In 26 years under Jill Spitzer, JFS grew to 40 times its size

Jill Spitzer shares a moment with a senior (JFS photos)

 

By Donald H. Harrison

Donald H. Harrison

SAN DIEGO — Already Jewish Family Service has named the administrative wing of its Turk Family Center at 8804  Balboa Avenue for Jill Borg Spitzer.   If some visitors walking down the corridor should chance to look up and ask, “What did she do?” how would they be answered?
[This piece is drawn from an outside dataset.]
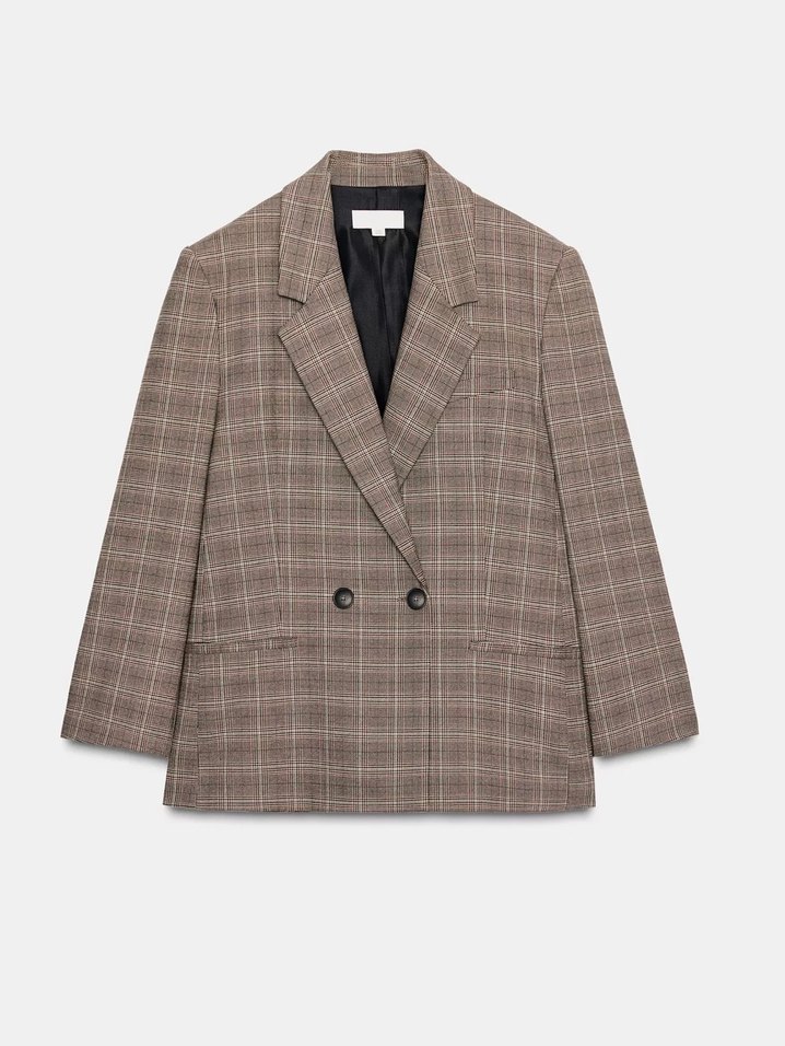 Düğmeli, ekoseli bej kadın blazer ceket, normal uzunlukta ve uzun kolludur. Ofis ve sokak stiline uygundur.

The community will get a better idea of that March 3 when a celebration of Spitzer’s tenure is scheduled to begin at the Heart and Soul fundraising gala at the Hyatt Regency La Jolla

But some things can already be said.  Spitzer spent 26 years as the executive director of Jewish Family Service.  She helped JFS grow from an agency with a $500,000 budget into a $20 million-a-year enterprise with more than 50 programs addressing the needs of community members in every stage of their lives.

Spitzer was reared in one of the few Jewish families in Hoboken, N.J., and credits Jewish summer Camp Lakota in the Catskills for helping her to love her Jewish identity.  She went on to attain her bachelor’s degree at Adelphi University in New York, going on to Columbia University for her master’s of social work.  Her first job came during the era when New York was beginning to deinstitutionalize the mentally ill.  She helped set up community-based programs in Brooklyn to provide them with care.  After several years there, she moved to Denver where she went to work for Jewish Family Service.

During a recent interview, Spitzer reflected that when she arrived in Denver in the 1970s “a lot of JFS’s were very much counseling agencies.  They were well known, well respected.  They had great therapists and it (JFS Denver) was one of those places where you could get therapy on a sliding scale with really excellent therapists.”   As the new hire in Denver, Spitzer was assigned “all the cases that no one wanted,” many of them involving elderly persons living in stressed circumstances.  “So I started working with them, first from a very clinical social work perspective, and realized that the answer to every problem they brought was not therapy.”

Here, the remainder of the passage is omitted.